Absent a waiver, the current rule prohibits common ownership of a daily newspaper and a broadcast station serving the same geographic market, in this case, New York, NY. However, as a result of the long-running dispute over whether the newspaper-broadcast cross-ownership rule remains lawful and justified, the Commission previously granted or extended temporary waivers for the WWOR/New York Post combination in 2001, 2006, and 2014. Subsequently, the Commission eliminated the newspaper/broadcast cross-ownership rule in 2017, and the combination of WWOR and the Post was authorized by operation of law for nearly two years with no need for a waiver. Following an appeal, a divided panel of the U.S. Court of Appeals for the Third Circuit by a 2-1 vote reversed and remanded the Commission’s decision, thus reinstating the rule. However, the U.S. Supreme Court has agreed to review the Third Circuit’s decision and will hear oral arguments on January 19, 2021.

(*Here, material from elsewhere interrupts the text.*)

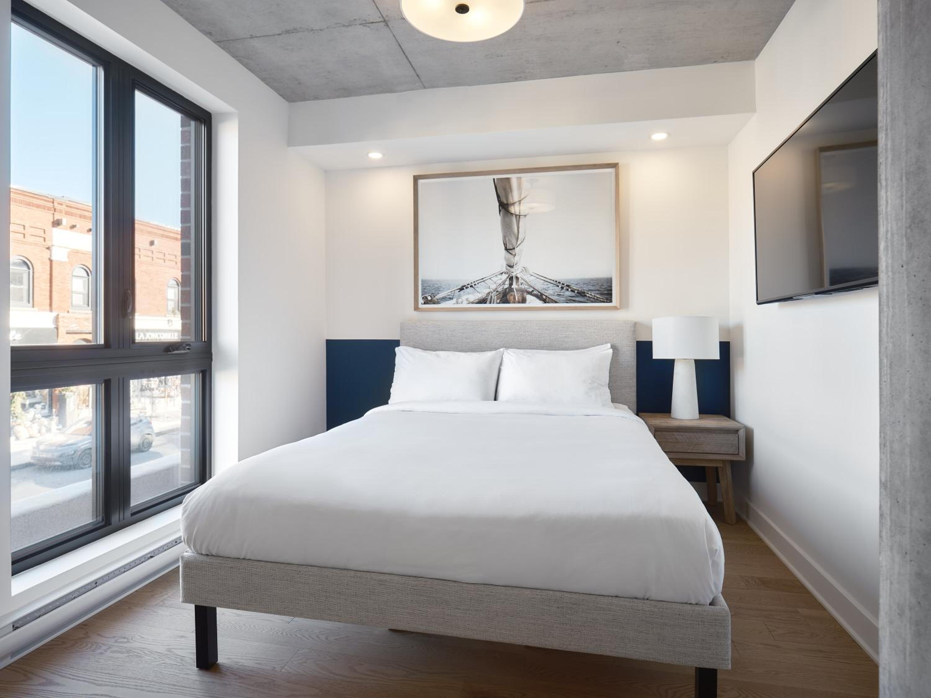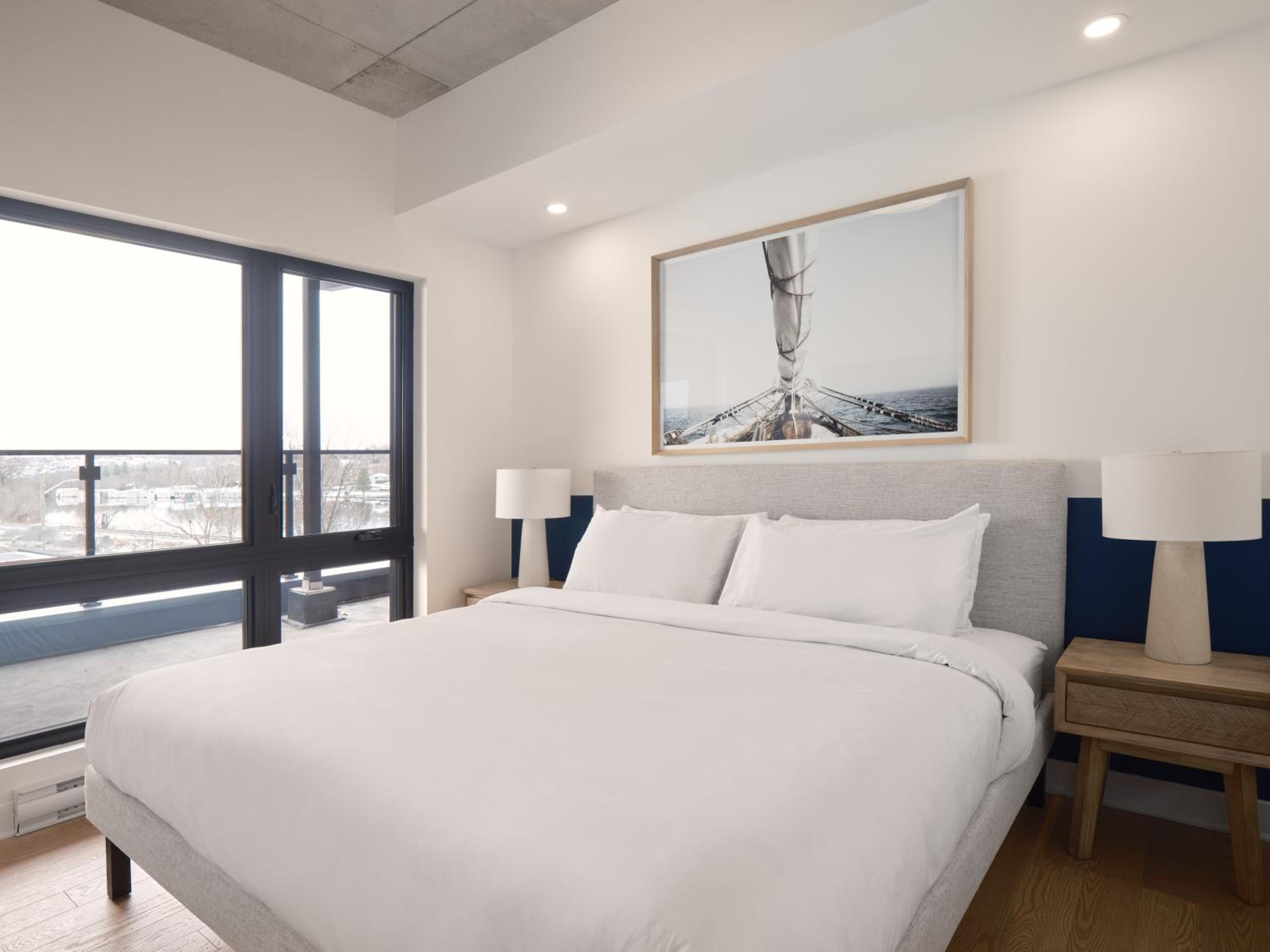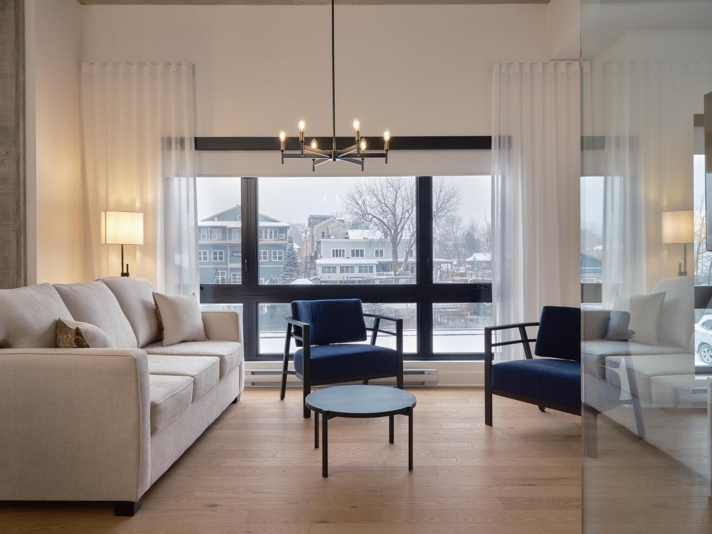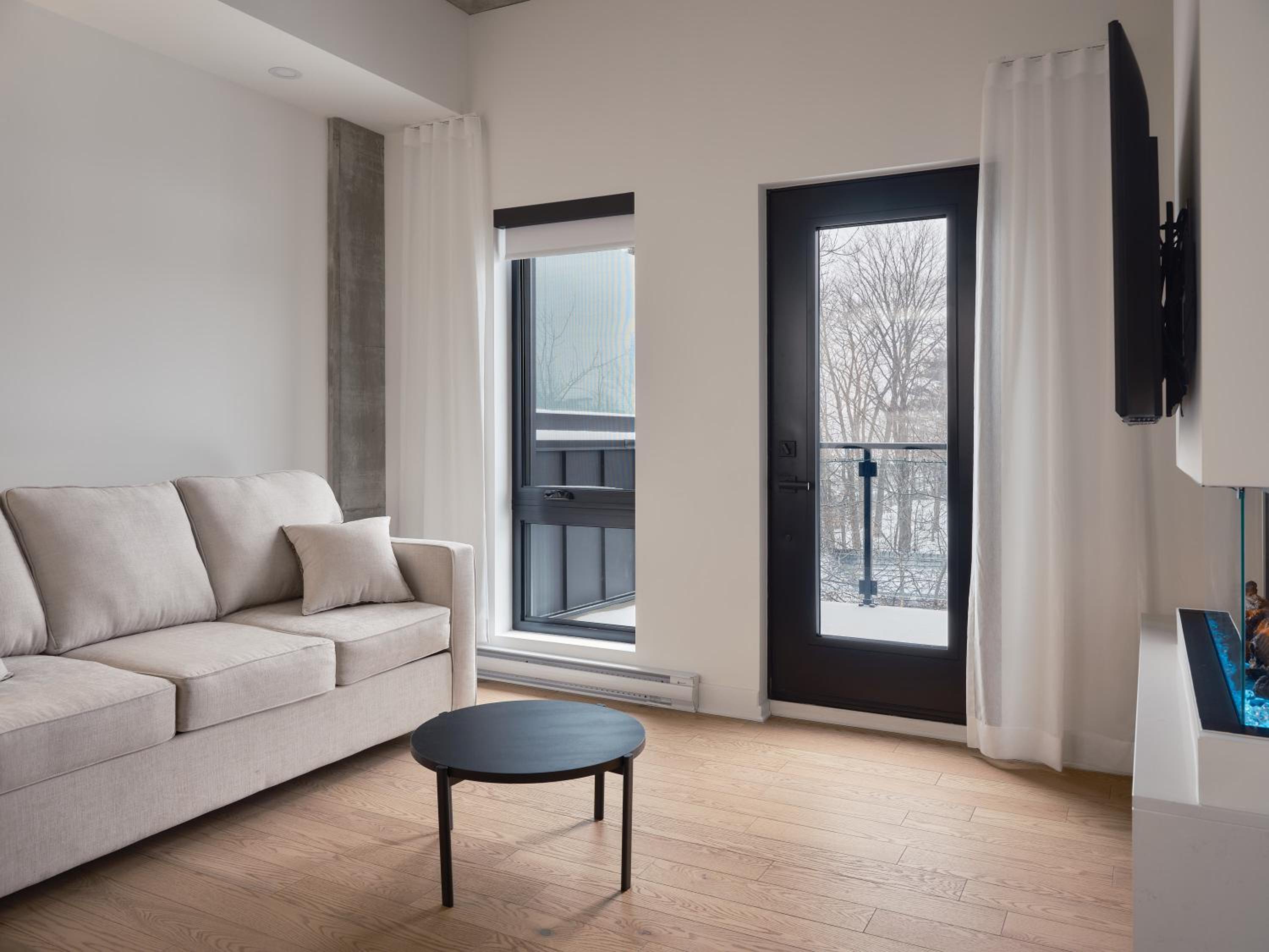 Experience a stay like no other at Hôtel - Expérience - Quartier Des Marinas, where you can enjoy breathtaking river views from the comfort of your terrace.

The media marketplace has changed significantly since the adoption of the newspaper broadcast cross-ownership rule in 1975, resulting in repeated Commission efforts to modernize the rule. Given the pending Supreme Court review of this rule, and the Commission’s 2017 determination, which was unchallenged in the Third Circuit litigation, that the newspaper broadcast cross-ownership rule is no longer necessary to preserve competition or viewpoint diversity, the Commission determined that it was appropriate to grant a temporary waiver as opposed to a permanent one, until the status of the rule has been resolved.As a result of Friday’s Order, Fox may continue to own collectively WWOR and the Post—as well as WNYW(TV), New York, New York, for which Fox had received a permanent waiver in 1993—pending the outcome of the current litigation and, in the event that the newspaperbroadcast cross-ownership rule survives that litigation, until 180 days following the date that a Commission order making a determination reaffirming that the newspaper-broadcast crossownership rule remains in the public interest becomes final and unappealable.
The action in this Order preserves the status quo and avoids the prospect of either hastily requiring a divestiture that might prove unnecessary or authorizing a permanent combination while regulatory uncertainty remains over the status of the newspaper/broadcast crossownership rule.